── Collected data

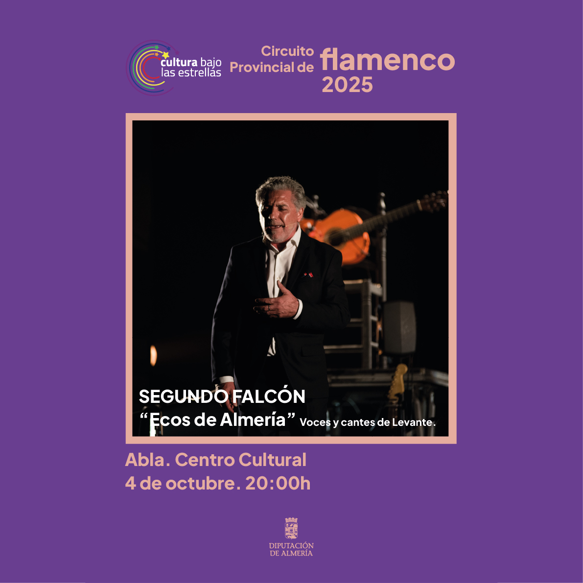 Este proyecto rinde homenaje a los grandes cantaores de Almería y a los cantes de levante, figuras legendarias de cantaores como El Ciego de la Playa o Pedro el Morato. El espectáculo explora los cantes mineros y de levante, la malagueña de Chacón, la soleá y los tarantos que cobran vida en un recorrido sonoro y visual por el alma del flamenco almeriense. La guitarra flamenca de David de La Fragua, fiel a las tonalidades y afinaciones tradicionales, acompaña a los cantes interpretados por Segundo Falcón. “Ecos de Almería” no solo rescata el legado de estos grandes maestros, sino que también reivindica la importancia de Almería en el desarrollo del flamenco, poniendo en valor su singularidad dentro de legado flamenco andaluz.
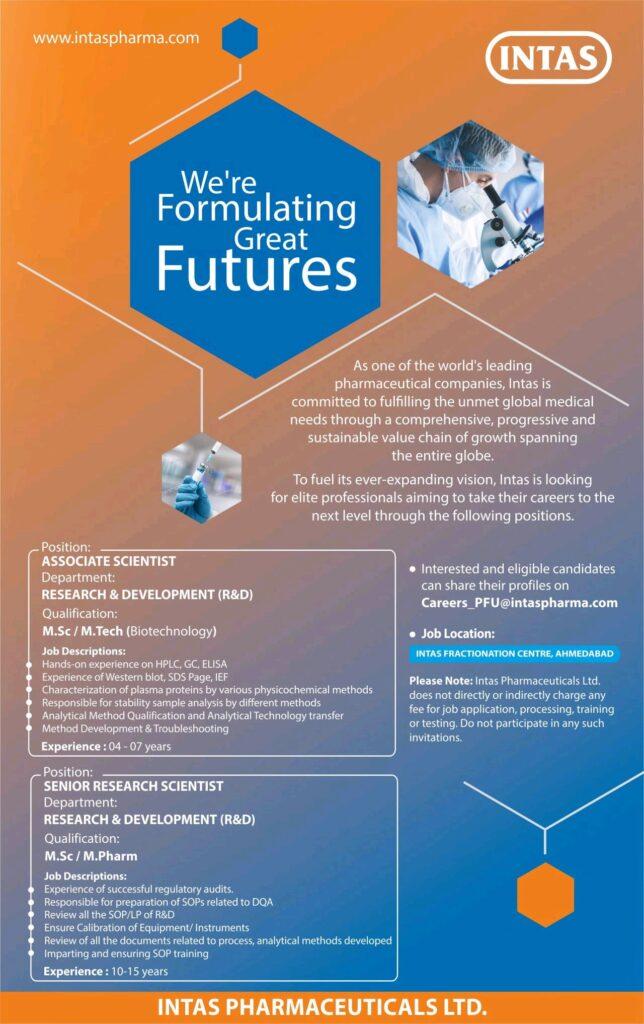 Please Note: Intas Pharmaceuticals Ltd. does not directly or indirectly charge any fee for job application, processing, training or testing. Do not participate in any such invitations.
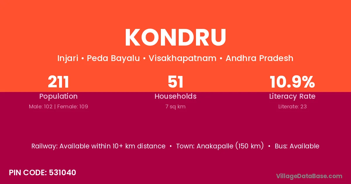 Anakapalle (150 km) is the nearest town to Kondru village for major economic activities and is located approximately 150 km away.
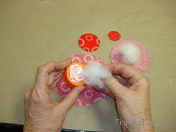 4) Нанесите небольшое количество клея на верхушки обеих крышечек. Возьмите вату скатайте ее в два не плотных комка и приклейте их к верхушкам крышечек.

────

Return the data verbatim, leaving out the pictures it holds.

Output of the exercise -
 Este proyecto rinde homenaje a los grandes cantaores de Almería y a los cantes de levante, figuras legendarias de cantaores como El Ciego de la Playa o Pedro el Morato. El espectáculo explora los cantes mineros y de levante, la malagueña de Chacón, la soleá y los tarantos que cobran vida en un recorrido sonoro y visual por el alma del flamenco almeriense. La guitarra flamenca de David de La Fragua, fiel a las tonalidades y afinaciones tradicionales, acompaña a los cantes interpretados por Segundo Falcón. “Ecos de Almería” no solo rescata el legado de estos grandes maestros, sino que también reivindica la importancia de Almería en el desarrollo del flamenco, poniendo en valor su singularidad dentro de legado flamenco andaluz.
 Please Note: Intas Pharmaceuticals Ltd. does not directly or indirectly charge any fee for job application, processing, training or testing. Do not participate in any such invitations.
 Anakapalle (150 km) is the nearest town to Kondru village for major economic activities and is located approximately 150 km away.
 4) Нанесите небольшое количество клея на верхушки обеих крышечек. Возьмите вату скатайте ее в два не плотных комка и приклейте их к верхушкам крышечек.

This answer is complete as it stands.